■ Study material ■
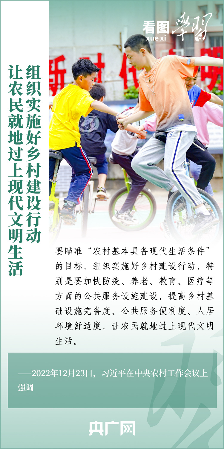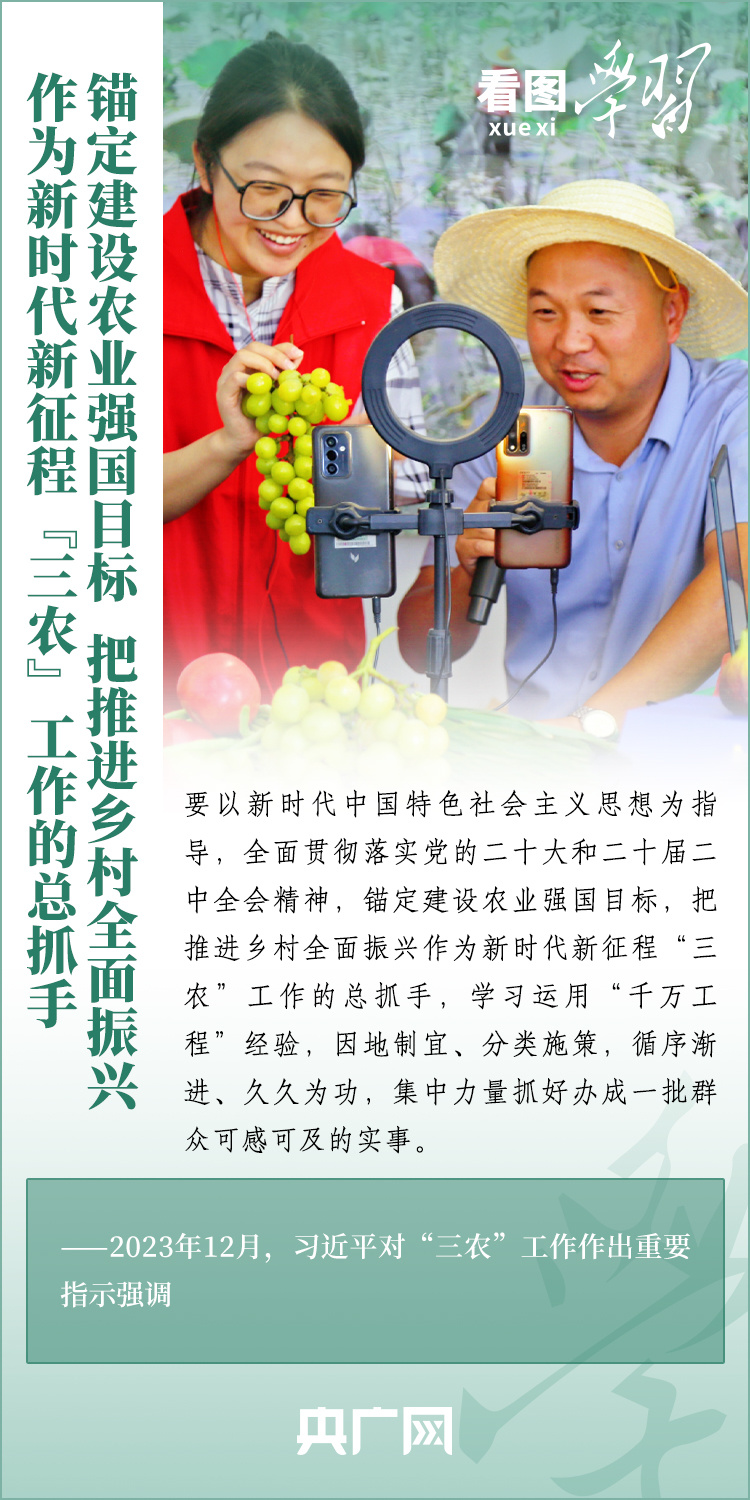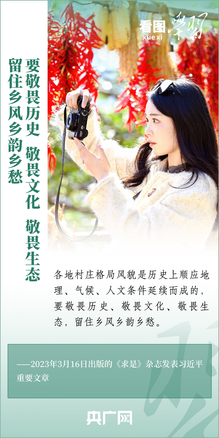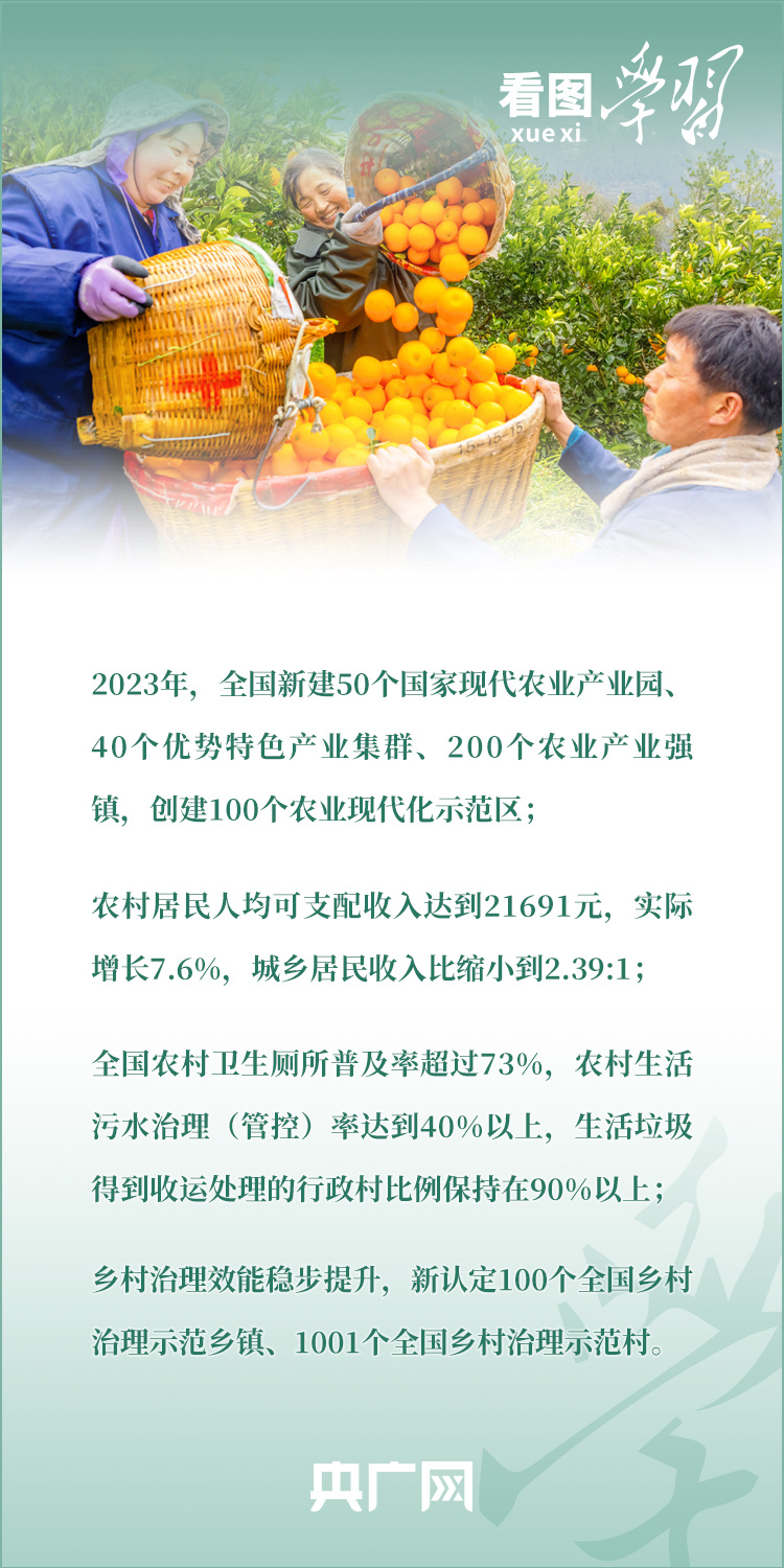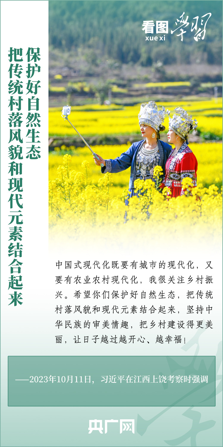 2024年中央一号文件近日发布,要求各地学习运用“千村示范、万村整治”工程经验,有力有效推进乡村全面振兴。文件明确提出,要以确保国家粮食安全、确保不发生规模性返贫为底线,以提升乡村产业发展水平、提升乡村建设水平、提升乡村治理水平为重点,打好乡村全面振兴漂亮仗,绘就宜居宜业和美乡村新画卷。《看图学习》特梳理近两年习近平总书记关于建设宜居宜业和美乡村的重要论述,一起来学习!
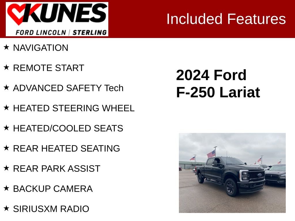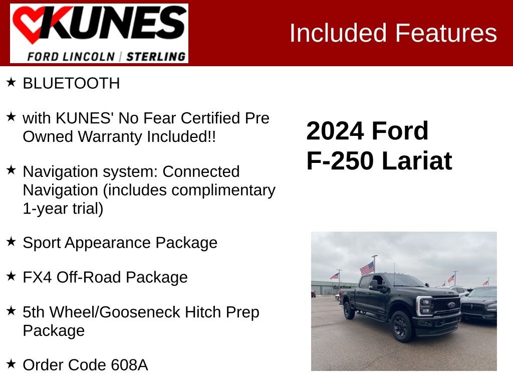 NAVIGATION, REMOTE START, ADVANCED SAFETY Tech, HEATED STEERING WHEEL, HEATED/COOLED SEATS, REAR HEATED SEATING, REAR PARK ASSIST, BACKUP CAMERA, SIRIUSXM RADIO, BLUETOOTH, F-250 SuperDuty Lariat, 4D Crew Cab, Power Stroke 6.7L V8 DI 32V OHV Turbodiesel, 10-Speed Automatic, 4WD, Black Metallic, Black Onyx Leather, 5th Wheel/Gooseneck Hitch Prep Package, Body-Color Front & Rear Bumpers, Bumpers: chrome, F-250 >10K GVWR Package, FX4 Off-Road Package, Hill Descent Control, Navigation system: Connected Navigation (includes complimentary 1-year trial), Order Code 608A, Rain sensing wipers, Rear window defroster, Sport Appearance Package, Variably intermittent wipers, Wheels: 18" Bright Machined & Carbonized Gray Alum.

--

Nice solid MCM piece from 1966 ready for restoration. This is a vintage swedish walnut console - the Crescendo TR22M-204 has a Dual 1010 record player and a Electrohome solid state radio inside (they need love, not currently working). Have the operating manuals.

--

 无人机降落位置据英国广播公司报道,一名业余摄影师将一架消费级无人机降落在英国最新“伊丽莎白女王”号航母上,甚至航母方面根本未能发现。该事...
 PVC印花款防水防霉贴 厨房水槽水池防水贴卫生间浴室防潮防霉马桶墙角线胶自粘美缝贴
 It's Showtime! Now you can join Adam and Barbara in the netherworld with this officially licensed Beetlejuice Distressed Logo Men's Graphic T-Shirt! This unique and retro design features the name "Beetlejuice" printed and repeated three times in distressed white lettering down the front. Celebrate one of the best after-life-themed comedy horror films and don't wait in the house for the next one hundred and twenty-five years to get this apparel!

■ Assigned task ■
With the pictures omitted, print the lines above exactly, beginning at the line with "2024年中央一号文件近日发" and going on through the line with "NAVIGATION, REMOTE START, ADVANCED".

■ Completed exercise ■
 2024年中央一号文件近日发布,要求各地学习运用“千村示范、万村整治”工程经验,有力有效推进乡村全面振兴。文件明确提出,要以确保国家粮食安全、确保不发生规模性返贫为底线,以提升乡村产业发展水平、提升乡村建设水平、提升乡村治理水平为重点,打好乡村全面振兴漂亮仗,绘就宜居宜业和美乡村新画卷。《看图学习》特梳理近两年习近平总书记关于建设宜居宜业和美乡村的重要论述,一起来学习!
 NAVIGATION, REMOTE START, ADVANCED SAFETY Tech, HEATED STEERING WHEEL, HEATED/COOLED SEATS, REAR HEATED SEATING, REAR PARK ASSIST, BACKUP CAMERA, SIRIUSXM RADIO, BLUETOOTH, F-250 SuperDuty Lariat, 4D Crew Cab, Power Stroke 6.7L V8 DI 32V OHV Turbodiesel, 10-Speed Automatic, 4WD, Black Metallic, Black Onyx Leather, 5th Wheel/Gooseneck Hitch Prep Package, Body-Color Front & Rear Bumpers, Bumpers: chrome, F-250 >10K GVWR Package, FX4 Off-Road Package, Hill Descent Control, Navigation system: Connected Navigation (includes complimentary 1-year trial), Order Code 608A, Rain sensing wipers, Rear window defroster, Sport Appearance Package, Variably intermittent wipers, Wheels: 18" Bright Machined & Carbonized Gray Alum.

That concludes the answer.